En la oficina, Florian sirvió copas de vino de Csopaki y ambos encendieron cigarrillos. Edge preguntó:

—¿Ha ocurrido algo durante mi ausencia que yo deba saber?

—Pues sí. Varias buenas noticias. Quizá sabías que Maggie Hag estaba tratando a Meli Vasilakis para curar su infortunada enfermedad con un régimen de alcanfor, bromuros y ungüento de calomelanos. Pues bien, por fin Maggie le ha dado de alta y ahora Meli y sir John han consumado su idilio. Al menos, lo supongo, porque él se ha trasladado al remolque de Meli.

—Me alegro de saberlo.

—Y Bum-bum ha contratado para su banda a un nuevo músico lleno de talento: Gombocz Elemér, tocador de címbalo. Tuvimos que reforzar el estrado para que aguante el instrumento, pero su música melodiosa merecía tomarse la molestia.
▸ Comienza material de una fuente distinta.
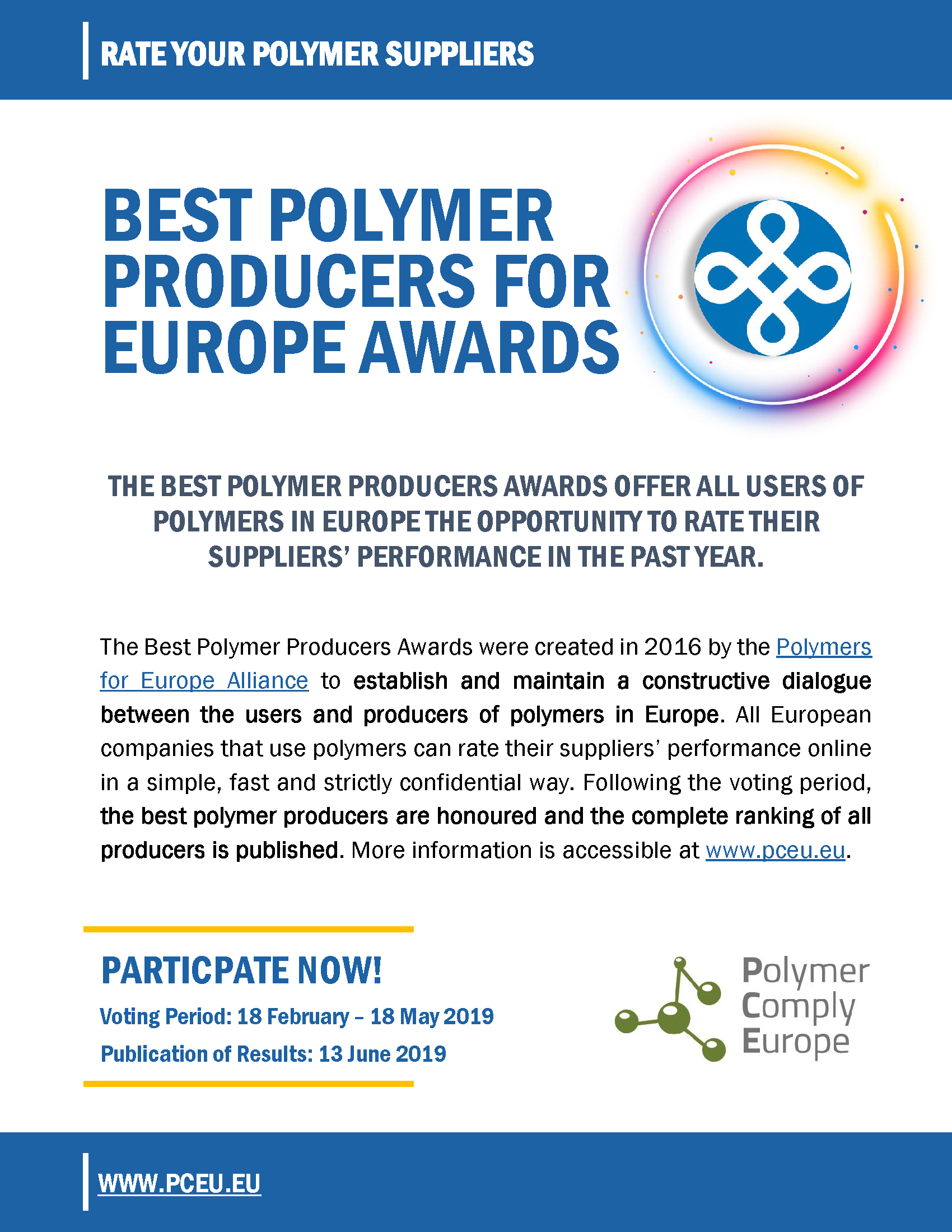The awards were created in 2016 by the Polymers for Europe Alliance to establish and maintain a constructive dialogue between the users and producers of polymers in Europe.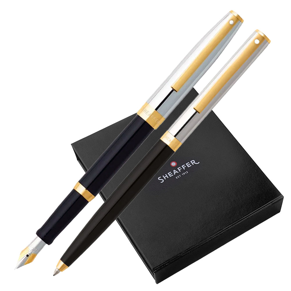 Sheaffer Sagaris Glossy Black w Chrome GT set Ballpoint x Fountain pen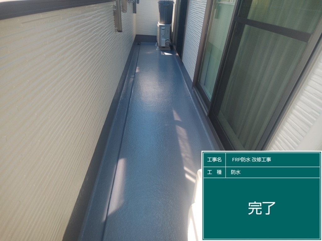一般的な戸建てのベランダはFRP防水が主流になってきました。だいたい10年程で劣化して弱くなります。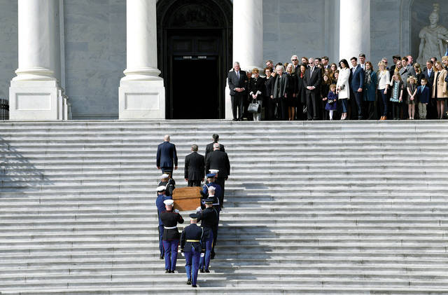 The family of Rev. Billy Graham watches as the casket of Rev. Billy Graham is carried up the steps of the U.S. Capitol in Washington, Wednesday, Feb. 28, 2018, where it will lie in honor in the Rotunda. It’s a rare honor for a private citizen to lie in honor at the Capitol. Graham died Wednesday in his sleep at his North Carolina home. He was 99. (AP Photo/Susan Walsh, Pool)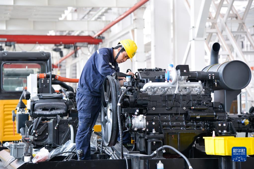 工人在位于重慶兩江新區的三一重工西南地區首個(gè)智能化“燈塔工廠(chǎng)”項目?jì)茸鳂I(yè)(2021年7月19日攝)。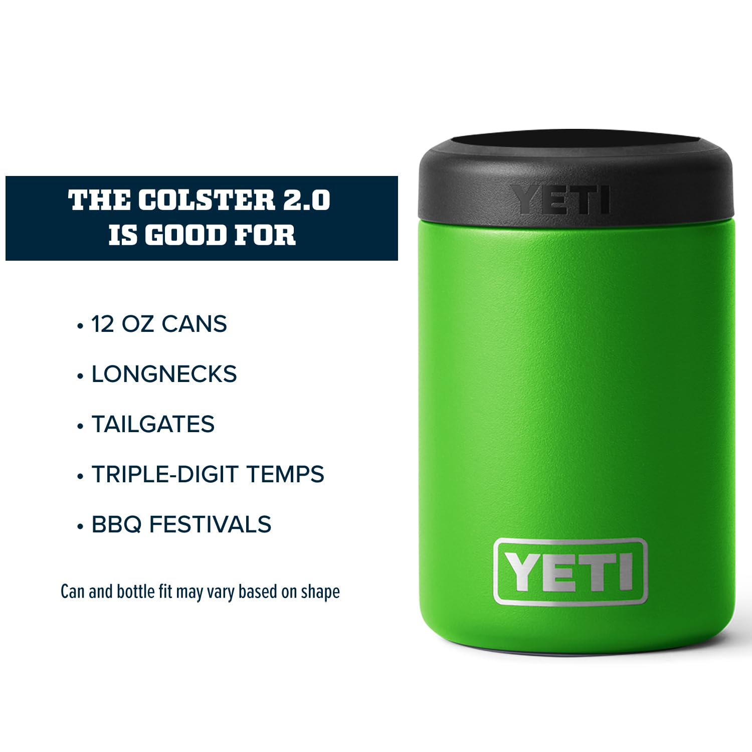 The YETI Standard Colster 2.0 is good for: Standard 12 oz. Cans, Longnecks, Tailgates, Triple-digit temps and BBQ festivals. Can and bottle fit may vary based on shape

Edge asintió con aprobación.

—Y hemos añadido un artista nuevo. Durante tu ausencia me he encargado de la dirección de la pista y del número de caballos en libertad, pero no teníamos un tirador de repuesto ni un jinete de volteo, así que simplemente dimos más tiempo a los otros artistas para rellenar el programa. Pero al segundo o tercer día se presentó este artista único, en respuesta a mi anuncio en el Era. Ni siquiera te describiré el número; dejaré que te sorprendas al verlo, como los patanes. Pero el tal Tücsök no es un primero de mayo, sino un artista consumado y además fantástico.

—Le he oído decir el nombre a Banat y he pensado que sería uno de nuestros eslovacos.

—No, es un nom-de-théâtre. Una palabra húngara que quiere decir Grillo.

—¿Grillo? Si esto significa lo que me temo…

—Sí. Un enano.

—Joder, dijo que tenía buenas noticias. ¿Otro maldito enano? ¿Después de las molestias que nos ocasionaron los otros hijos de puta…?

—Esta vez es hembra y no será una hija de puta. La he instalado con Clover Lee y Domingo y están encantadas como si les hubiera regalado una hermanita, aunque Grillo tiene más años que ellas dos juntas. Es una criatura encantadora y… bueno, aquí está. Katalin Szábo kisaszony, ¿puedo presentarte a Edge Zachary úr? Nuestro director ecuestre, sobre quien has oído tantos elogios. Zachary, te presento a Katalin Szábo, conocida profesionalmente como Tücsök, Grillo.

Ella dijo, con una voz aguda pero no chillona, y en un inglés excelente:

—Encantada de conocerle, coronel Edge.

Miss Grillo —contestó él.

Se había levantado al entrar ella y ahora tuvo que inclinarse, más de lo que se había inclinado jamás ante cualquier persona regia o noble, para poder estrechar la diminuta mano de Grillo. Tuvo que admitir que era una versión nueva y mejorada de la raza enana. Excepto que estaba un poco rechoncha para su altura, que era sólo de unos setenta y cinco centímetros, tenía el cuerpo bien formado y proporcionado. Era sencillamente la miniatura perfecta de una joven muy bonita con cabellos castaños rizados y ojos muy azules —aunque no era tan joven como su cara de muchacha hacía suponer a primera vista— y fumaba un cigarrillo con una larga boquilla de jade.

Florian dijo a Edge:

—Katalin ejecuta su número en la primera mitad del programa y te garantizo que es magia pura. Luego, en el intermedio, se suma al espectáculo de sir John. Entra en el anexo a lomos de Rumpelstilzchen, de momento a pelo, pero Stitches le está haciendo una silla y bridas en miniatura. Lleva la ropa tosca de un csikos, el llanero húngaro, y canta algunas tonadillas obscenas. Después se quita las prendas masculinas para lucir el delicado y polícromo vestido de una joven campesina y baila unas csárdás seductoras.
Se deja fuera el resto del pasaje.